Going deep, she visits relatives and meets the people of the regions’ small towns, going into their kitchens to watch as they prepare food. It’s a constant learning process about the intricacies not only of the broad regional cookery of Italy that many of us are familiar with—that of Florence, Naples, or Sicily but of such places as Maremma, an area in western central Italy bordering the Tyrrhenian Sea and Le Marche, a region sandwiched between the Adriatic Sea and the Apennine Mountains.

“Italian food is very regional, and even in the regions its broken down by cities, and then gets smaller and smaller until each dish is an expression of oneself and it can be an affront and violation if others add ingredients or make changes,” she says. “There’s an integrity to the dish.”
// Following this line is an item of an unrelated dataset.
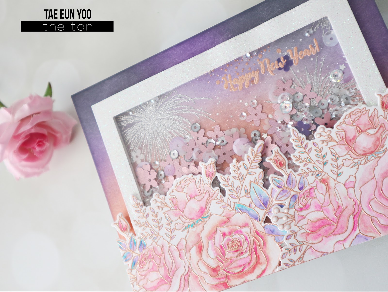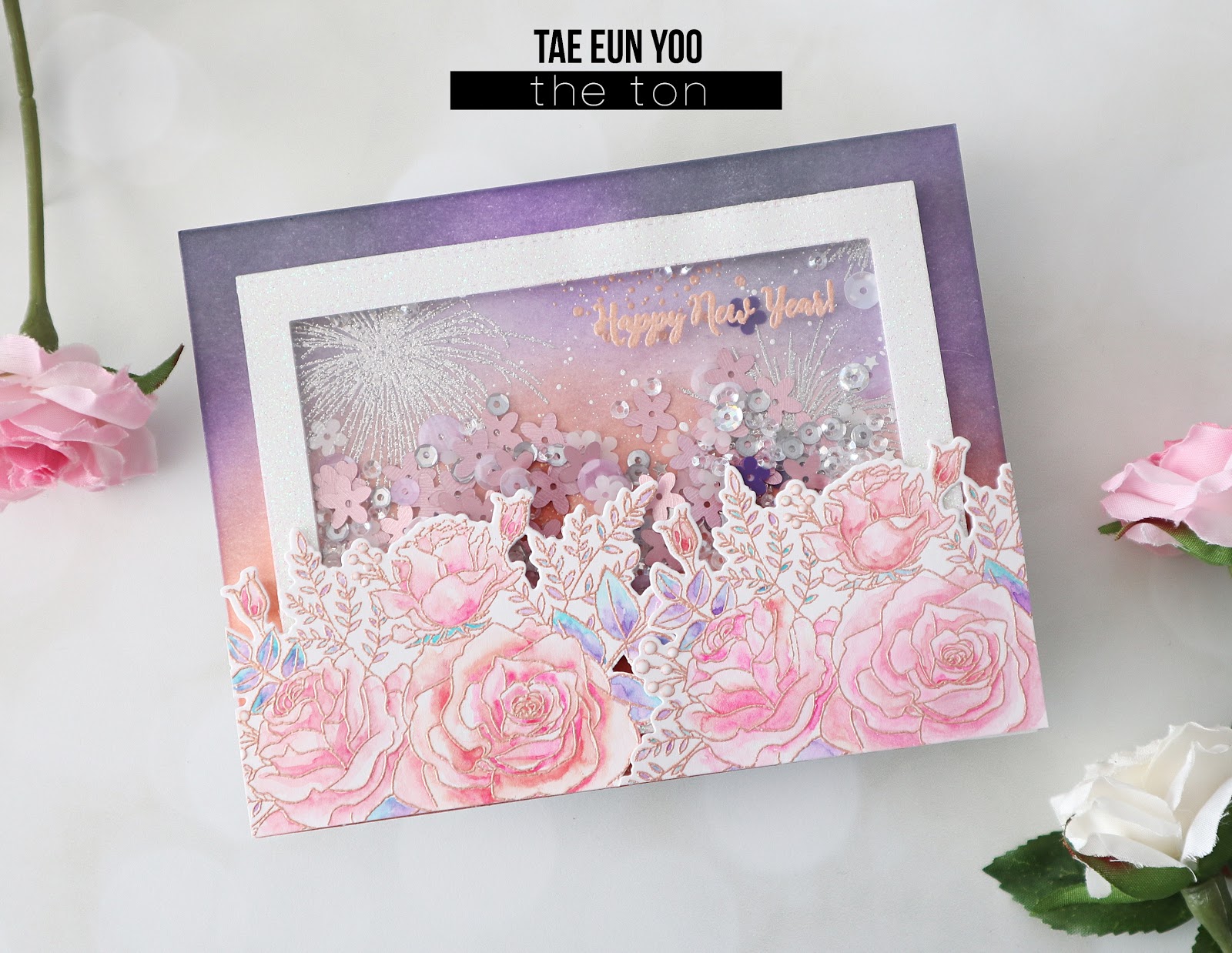 I’ve created a New Year’s shaker card using Country Rose Cluster set. I was thinking of the New Year on the other side of the earth! I imagine the New Year in the south hemisphere like this :)! – Firework in the sky over a field filled with roses!

It’s not the way we think of food here. Indeed, to me a recipe is to be altered by ingredients I have on hand so the idea of not changing is a thoughtful concept, one that I will think about. But then again, I’m not making family recipes dating back centuries and besides, old habits die hard. 

In Camerano, a town in Le Marche, an 80-year-old woman shows Lust how to hand-roll pasta with a three-foot rolling pin. In Manciano, she masters making Schiacciata  All’Uva, a grape flatbread with honey and rosemary that back home in New Hampshire takes her two days to complete.

But, Lust says, you only spend a few minutes in active work as if it were as easy as popping a frozen dinner into a microwave.

Intrigued by the food philosophy of the people she cooks with, she goes beyond recipe and its ingredients to their history and what they represent.

Acquacotta—such a beautiful word and beautiful dish–but then you find  out what it really means–cooked water and that it was born out of poverty made by people who had nothing,” Lust tells me when we chat on the phone.

In her description, acquacotta is a rustic soup that nourished generations of the area’s shepherds and cowhands. It’s her way of adding poetry to food and to people who take such pride in what they cook.

Lust includes recipes in her book, but this is not a glossy cookbook, but rather a lovely and thoughtful journey of rediscovering roots and meaning.

The two of us discuss growing up with ethnic relatives and how important the culture of the table was for us when young.  It does seem to be something that is missing from our daily lives and Lust is hoping to reconnect people to food and help them see the importance of  taking the time to bring friends and family to the table to enjoy a meal.

In the cooking classes she teaches she demonstrates how to make Italian food  and encourages participants to talk to her in Italian. She feels that she is helping forge an important connection that way.